For all that could be done, there’s still plenty of action in Canada’s mobile news space. CBC Hamilton was the first major news site to go with a responsive design back in May of 2012. Postmedia’s Canada.com followed shortly thereafter. Global News underwent a majorredesign that went live in March of last year. Montreal’s La Presse has made waves for it’s $40-million investment in a tablet product, La Presse +.

First and foremost, while both mobile technologies, smartphones and tablets have wildly different analytics and metrics. Smartphone ownership is more widespread, with 56 per cent of Canadians adults owning one, according to a Google study. Tablet numbers were placed at 26 per cent in a 2012 CBC study. Both numbers are surely much higher now.

People browse their smartphones constantly throughout the day, while tablets find usage peaking twice, in the morning before work and again in the evening before bedtime.

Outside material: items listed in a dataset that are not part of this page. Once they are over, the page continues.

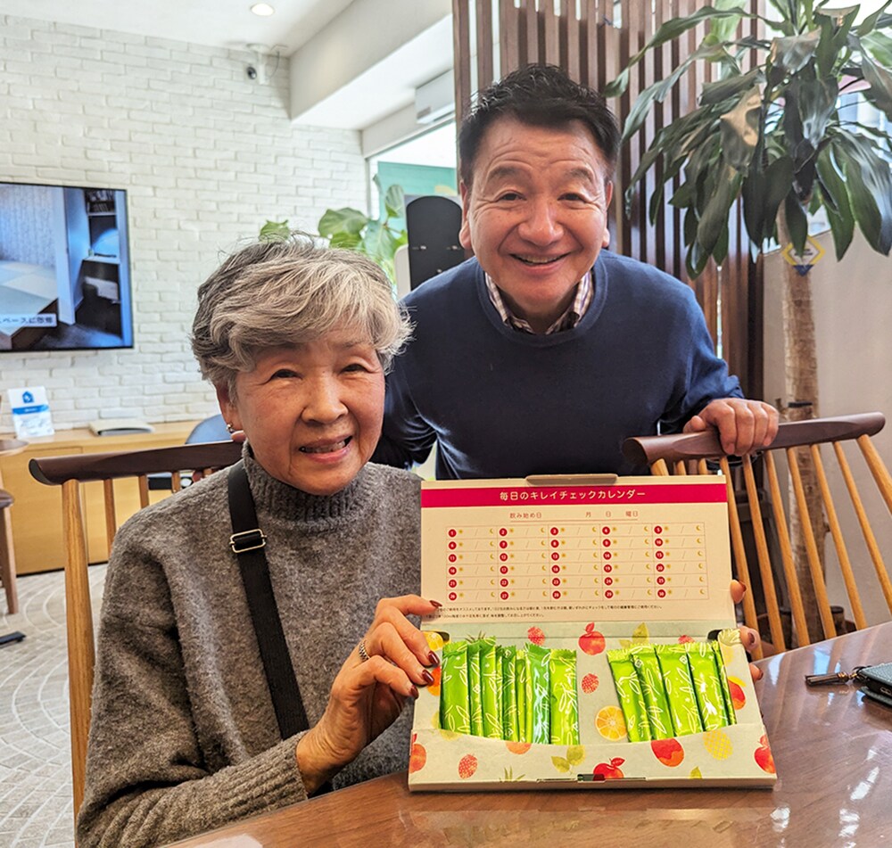 パソコンは使えてもスマホがなかなか使いこなせないんです。なので月に一度キタセツで社長にスマホを教わりながら、キタセツのショッピングサイトからモリンガ青汁を購入しています。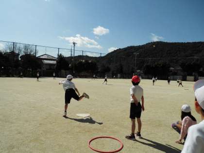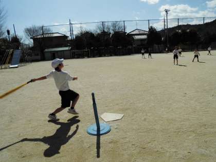 3年生の体育は「ベースボール」です。打つ・投げる・守るが上手になってきて,ますます面白くなってきています。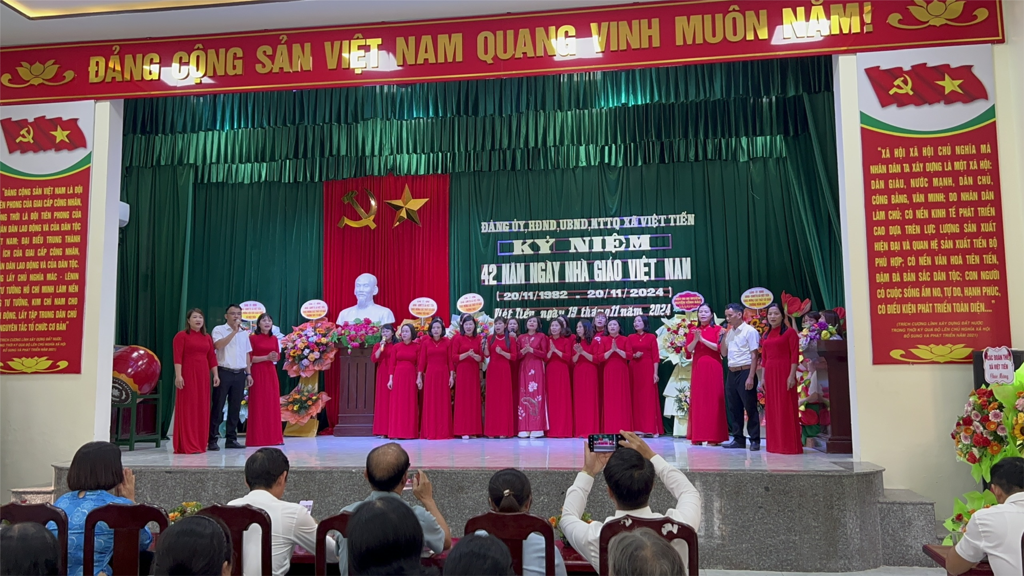 Dịp này, lãnh đạo địa phương cùng các đơn vị, doanh nghiệp, Hội cha mẹ học sinh đã tặng lẵng hoa tươi thắm, chúc mừng kỷ niệm 42 năm Ngày Nhà giáo Việt Nam, chúc các nhà trường đạt nhiều thành tích cao hơn nữa trong công tác giáo dục đào tạo, xứng đáng với truyền thống đáng tự hào của quê hương Việt Tiến.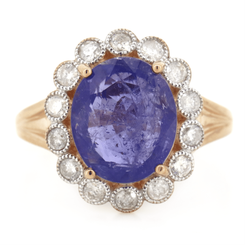 14K ROSE GOLD, TANZANITE AND DIAMOND, HALO RING. THE CENTRE FEATURES, ONE OVAL CUT, MEDIUM VIOLETISH-BLUE, TANZANITE (4.78CT, INCLUDED), BEZEL SET. SURROUNDING THE CENTRE IN A HALO ARE, 14 ROUND BRILLIANT CUT, DIAMONDS (0.52CT TDW, J-K COLOUR, SI2-I1 CLARITY), BEZEL/BEAD SET. RING SIZE P. Jewellery Valuations Provided By A Third Party Professional Not Directly Associated With Lloyds Auctions at AUD $8,690.00This Insurance Valuation has been provided by a registered Jewellery Valuer and is intended for insurance purposes only. The valuation amount has no bearing on the auction value of the item. Any questions regarding the valuation should be directed to the issuing Valuer (refer to contact details on the certificate) as Lloyds have no association or relationship with the Valuer or the valuation amount contained within the valuation. Condition: Good - Refer Images 0645856+1691
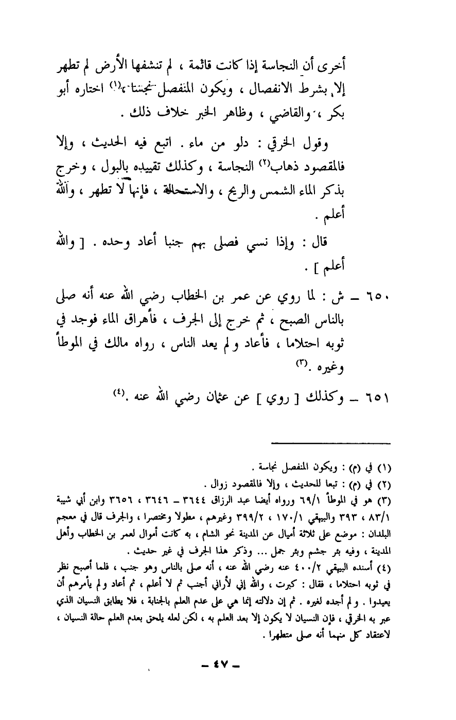 650 - ش: لما روي عن عمر بن الخطاب - رَضِيَ اللَّهُ عَنْهُ - أنه صلى بالناس الصبح، ثم خرج إلى الجرف، فأهراق الماء فوجد في ثوبه احتلاما، فأعاد ولم يعد الناس، رواه مالك في الموطأ وغيره.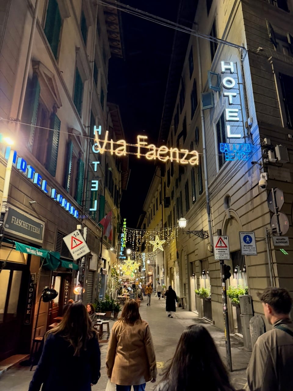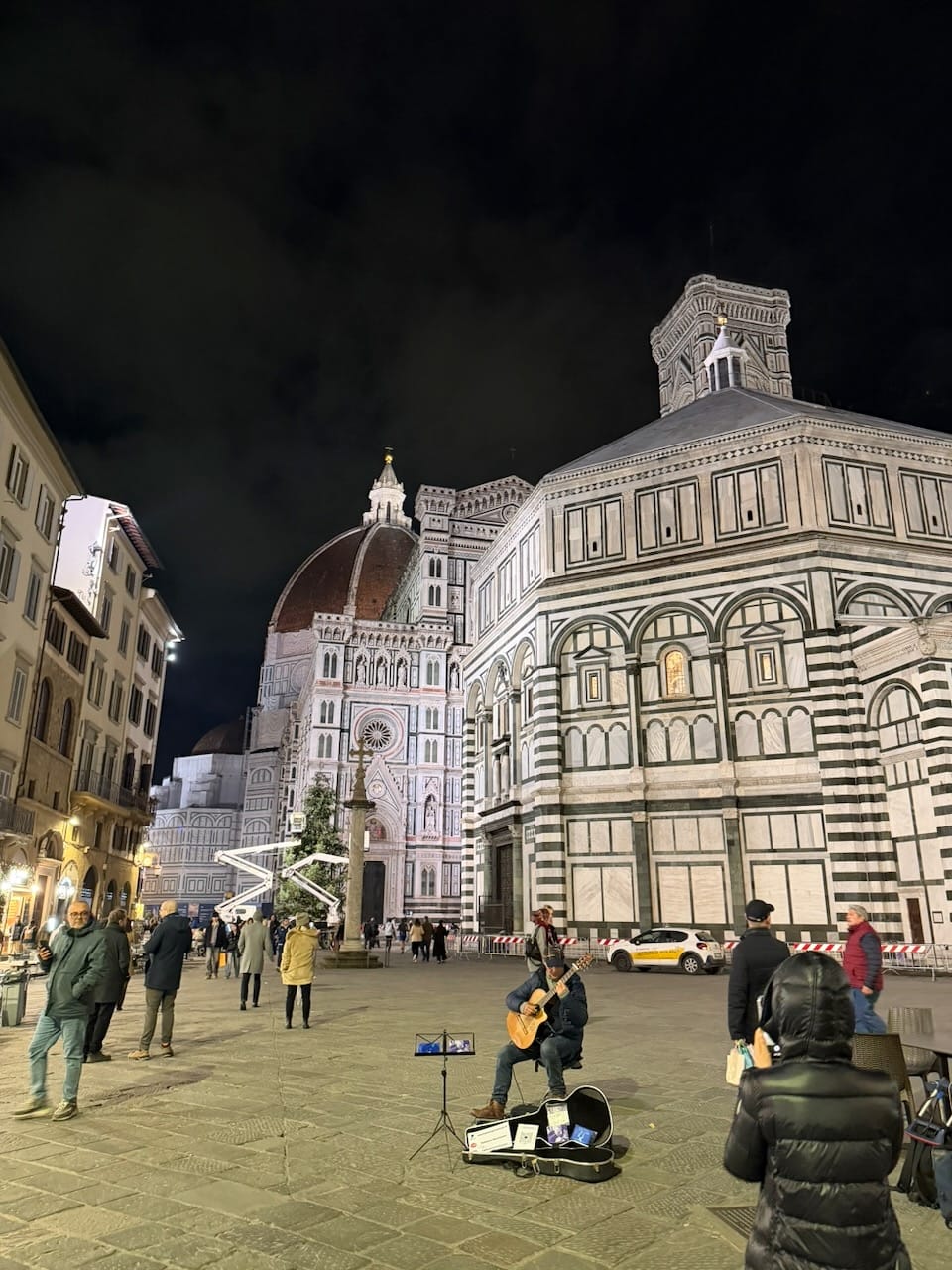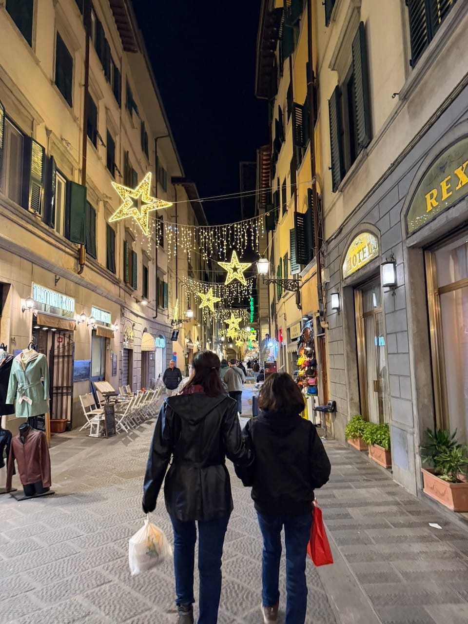 On our way back, we wandered through the night streets of Firenze. The air was chilly, but it carried that quiet, pleasant feeling of approaching Christmas and the end of the year. After a day of climbing, walking, eating, remembering, and rediscovering, the city already felt settled around us.

It’s far from universal, but smartphone often equals socially-optimized, shareable content bites, while tablet can handle long-form better and is at less mercy to the 24-hour news cycle.

I spoke with three people heavily entrenched in Canadian mobile news: Matt Frehner, mobile editor at The Globe and MailJordan Timm, senior producer for tablet at Postmedia, and Joe Ross, vice-president of content at theScore. Each explained strategy, successes and opinions on the mobile news space.

“So how do you do innovation in mobile in a country as disparate and as small as ours and how do you try and find the money?” Frehner told me (disclosure: I’ll be working at the Globe this summer). That’s a question we’ll explore throughout. And with that comes these important considerations: What is mobile-first content? Do you customize to each visitor, and how much? Who’s your audience? How do you create a mobile-first culture?

Know your audience

“It’s not like there was ever rabid pack of 18-year-olds subscribing to papers,” Timm says.

Before you can even approach design and content changes, there needs to be a clear understanding of “the people formerly known as the audience,” as media critic and professorJay Rosen states. How do you be equal parts authoritative and inclusive? How much give is there compared to taking? How do you draw people in, keep them there, make them want to come back, turn that into a profitable business model? These concepts must be applied to where people are consuming news, and more and more that’s smartphones and tablets.

Extending the relevance of the newspaper brand to a digital age is the question mark Postmedia is trying to address. To do that, it’s helpful to look at industry successes like Buzzfeed as a way to tap into the zeitgeist of the millennial crowd. But it’s a fine line, and papers should understand the limitations of their brand. “There’s nothing more embarrassing than a 50-year-old dancing,” Timm says. “The [Ottawa]Citizen is absolutely a 50-year-old white man.”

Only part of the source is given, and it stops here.